Despite being strong savers and reliable customers, the women’s market remain largely underserved with only 65% of women benefiting from financial services, compared to 72% of men.
Though this gender gap represents a massive opportunity for fintech players, these are failing to tap into the market in a meaningful way, according to a new research by the Financial Alliance for Women.
This is primarily because fintechs tend to focus on growing their user base as quickly as possible to capture investor interest when starting out, the research said.
The reason for this is that men are perceived to be early technology adopters, these companies often begin to tailor their products to men. By the time fintechs are well-funded, they are already well on their way to being caught in a self-reinforcing spiral, the research found.

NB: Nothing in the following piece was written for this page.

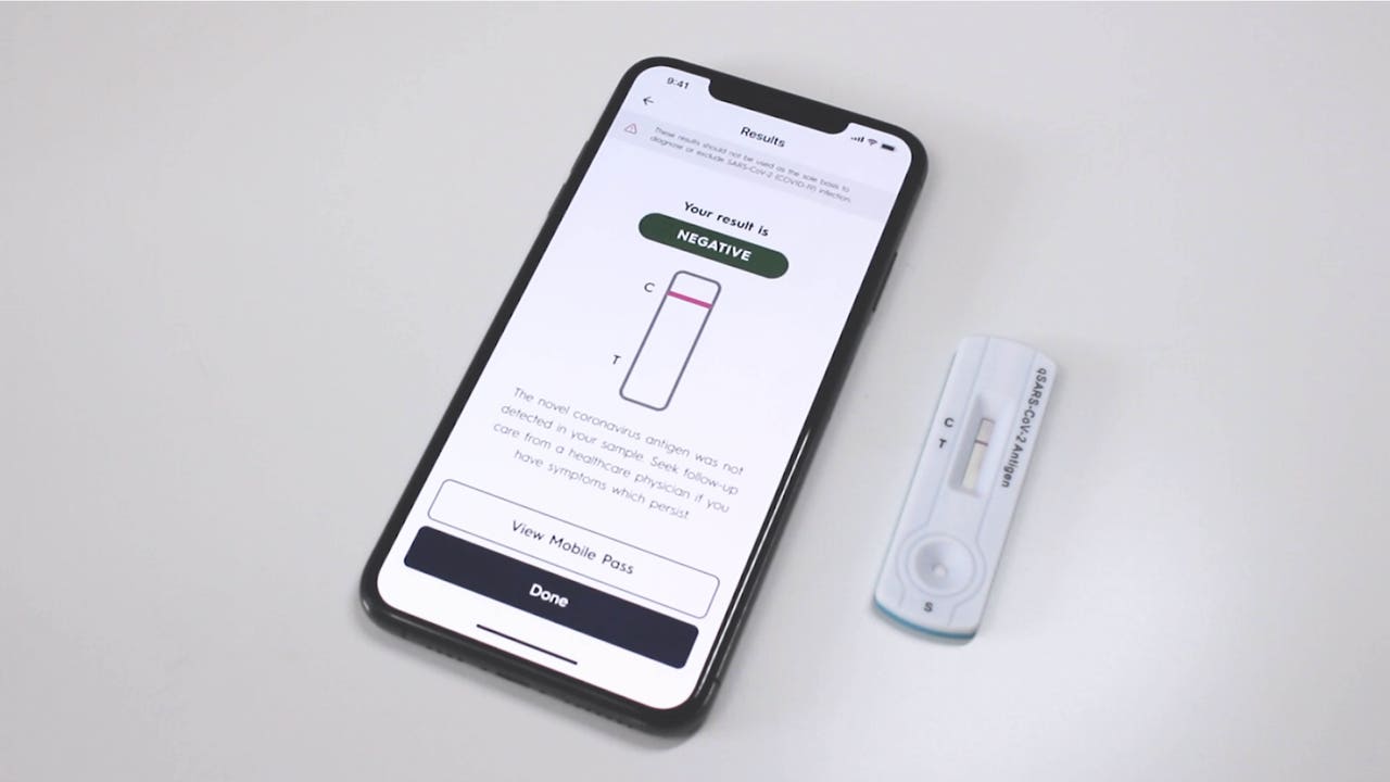 The test, which is pending emergency approval from the U.S. Food and Drug Administration, is performed using a smartphone app and a "lateral flow assay," described as similar to an at-home pregnancy test. Patients follow video instructions on the app to collect a nasal swab, which is included in the kit. The app then prompts the user to scan their test after 15 minutes to see the result.

The report added that most fintechs lack women in key roles, leading to unconscious biases during the business modeling and product development processes. The Financial Alliance for Women, which polled 168 fintechs, 30 investors as well as other ecosystem actors from 43 countries, found that most fintechs’ product and tech teams are less than 25% female, and a majority have male-only founders.
While fintech remains a largely male-dominated sector, females-led fintechs are found to generate higher revenues than those without women in leadership positions.
Results of the Fintech Benchmarks Proof-of-Concept released in August 2020 reveal that among a sample of 45 fintechs, female-led ones had nearly three times the revenue per customer of non-female-led fintechs
The gender-gap is also visible in startup funding. According to a new study by Deloitte, startups founded by women still face more difficulties raising cash than do other firms.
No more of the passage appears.